Culture Centre and Kindergarden (CADI) Tlatenchi represent two projects developed jointly, although on separate sites commonly referred to as "residual lots". When approaching the creation of public spaces, it is crucial to maximise their potential beyond established boundaries, and in this particular case, to focus on generating intersections, concentration and meaning.
Tlatenchi is a community belonging to the municipality of Jojutla in Morelos, both projects are integrated into a housing context so a design premise was to maintain coherence between the two projects, given that, although they are only a 5 minute walk from each other, they lack a direct physical connection.
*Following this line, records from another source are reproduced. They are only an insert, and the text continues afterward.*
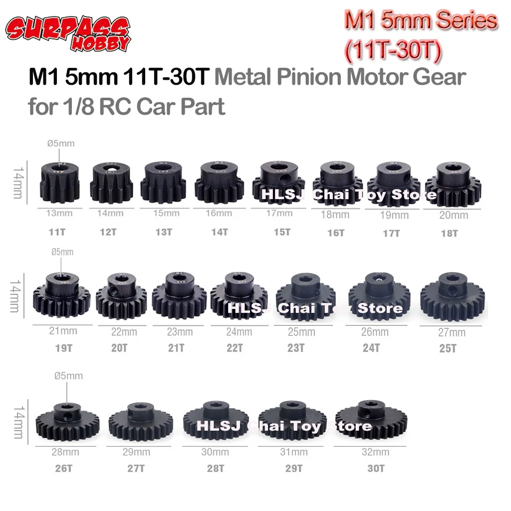 SURPASS HOBBY 1 шт. M1 5 мм 11T 12T 13T 14T-20T 21T-24T 25T-28T 29T 30T Металлическая Шестерня мотора для радиоуправляемого автомобиля 18 двигатель вала 5 мм
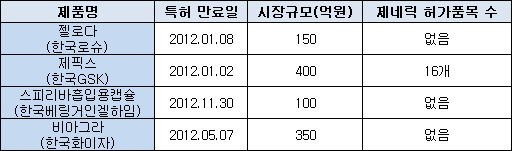 올해 가스모틴, 아타칸, 디오반, 싱귤레어 등 대형 블록버스트가 잇따라 특허만료된 것에 비하면 초라하다.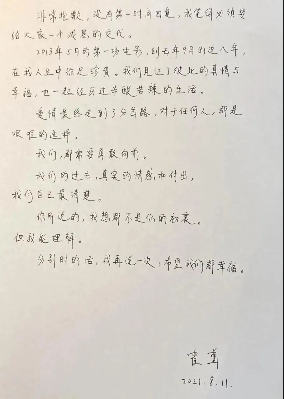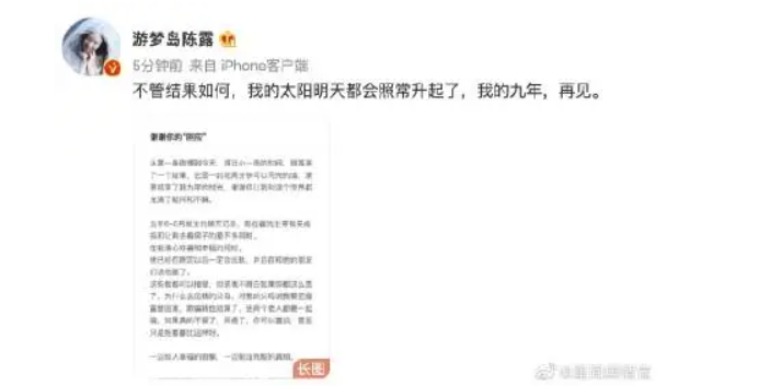 在霍尊回应后,陈露发了一篇微博,称正式告别自己九年的恋情。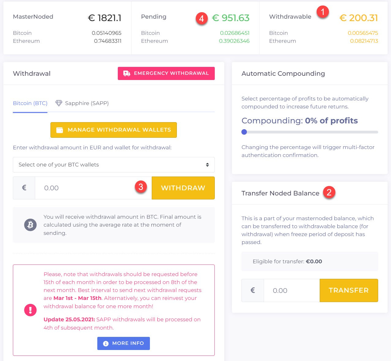Go to Withdrawal. In the top right corner, you see your Withdrawable balance (1). This could be requested to withdraw immediately. Additionally, you see a box with Transfer Noded balance (2). These are the funds that are currently earning a yield, but are already unlocked. Everything you transfer is added to your Withdrawable balance. My deposits are currently locked, that’s why it's showing €0.00 Eligible for transfer for me.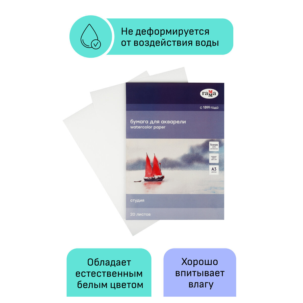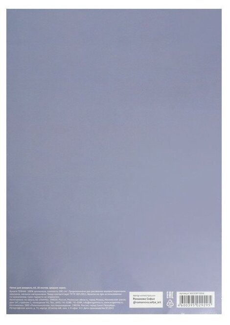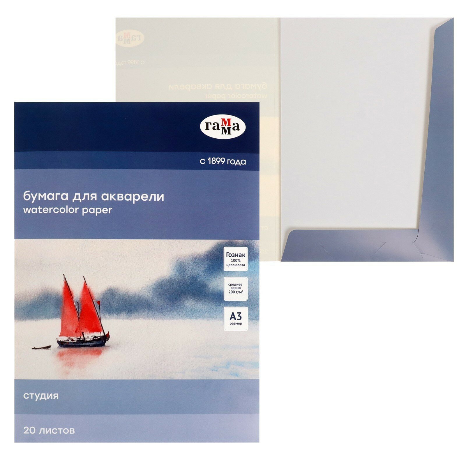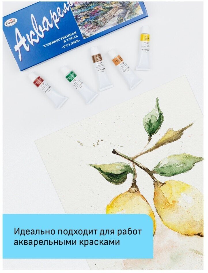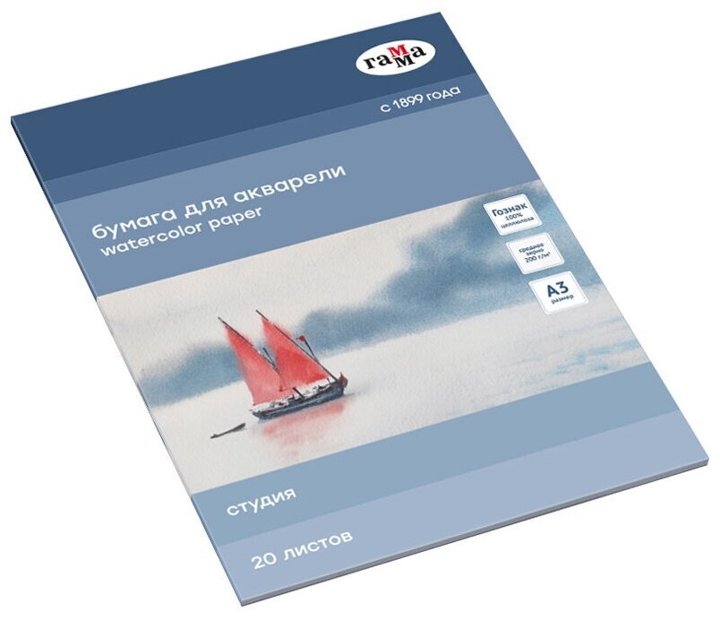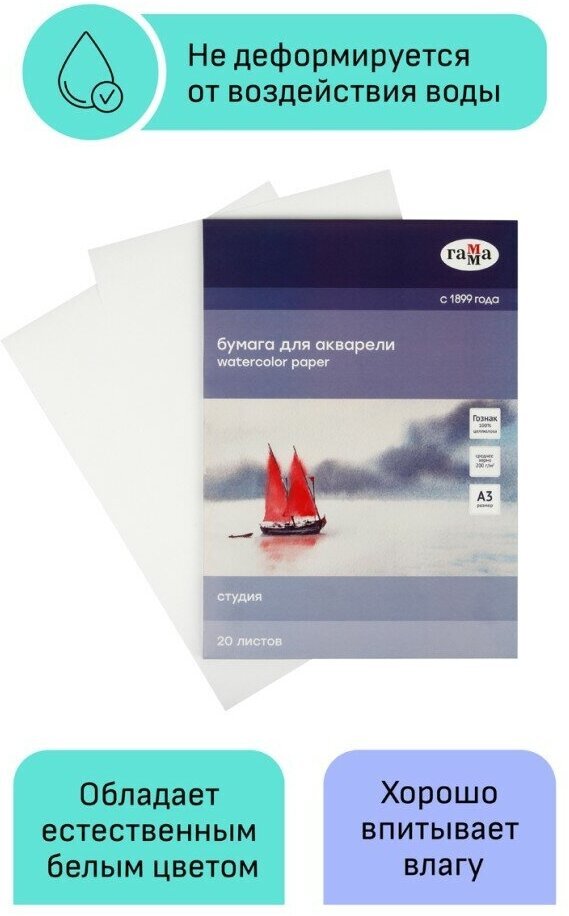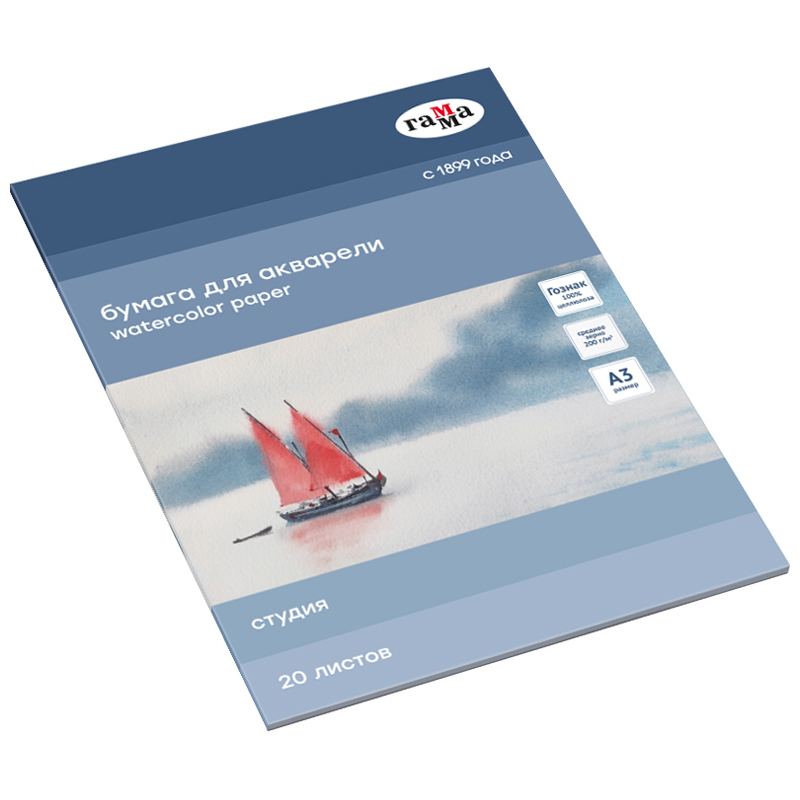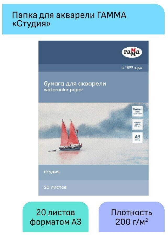 В папках Гамма Студия используется рисовальная бумага марки-А Гознак (Спб). Бумага отлично подходит для акварели, гуаши, работы в смешанных техниках, многослойных работ карандашами. Выполнена из 100% целлюлозы, плотностью 200г/м2. Естественная белизна. Бумага хорошо впитывает влагу, не коробится от воздействия воды.

For this reason, an integration of the landscape and the structures was sought through the use of uniform materials in terms of colour, layout and structural solutions through a system of Catalan vaults, allowing both to be perceived as a single entity.
In both cases, the natural flows that residents used to have between one street and the other were considered, which implied the reintroduction of the original street formed by the path of previous use, the natural crossing. The concentration of individuals in these spaces generated a nodal point in each centre, which translated into a grandstand in the Casa de Cultura and a courtyard in the case of the CADI.
Reviving the vault - Meaning
A key feature was the contemporary incorporation of the brick vault, which in modern architecture allows to take advantage of its structural functionality, versatility and expressiveness. This approach involved a revision of the craft of the master bricklayer who builds it, whose knowledge has been passed down from generation to generation in Tlatenchi, as well as the integration of the materials with the particular dimensions of the site and the time in which it is found. This system, which local craftsmen master effectively, was implemented to cover large spaces without the need for intermediate supports and to improve the circulation of air inside the spaces.
Given the knowledge of the seismic susceptibility in the Jojutla region, a reinterpretation of the Catalan vault was chosen with the main purpose of avoiding the self-construction of multiple levels without adequate structural knowledge, to prevent tragedies like the one that occurred in the 2017 earthquake, where lack of planning and unadvised construction led to the damage or collapse of thousands of buildings.In construction terms, exposed load-bearing walls serve as the foundation of the structural system.These walls were created using extruded brick, while clay brick was reserved for the vaults. The materials extend to the courtyards, stairways and walkways, which are paved with familiar clay tiles.
As well, the area experiences a predominantly hot and humid climate for much of the year, the selection of materials in architectural design plays a key role in the thermal regulation of spaces. This is particularly important in public buildings that require low maintenance and where the option of air conditioning may not be feasible. Therefore, louvres and openings were incorporated to allow cross-ventilation to regulate temperature.
Each of these elements contributed to the coherence between the two plots as a whole. Authentic public space arises from genuine citizen participation, which gives rise to indispensable presences and forces that transform these spaces into environments of encounter and active participation beyond the physical structures. This vision allows them to be perceived as the central component of an enveloping sphere of activity.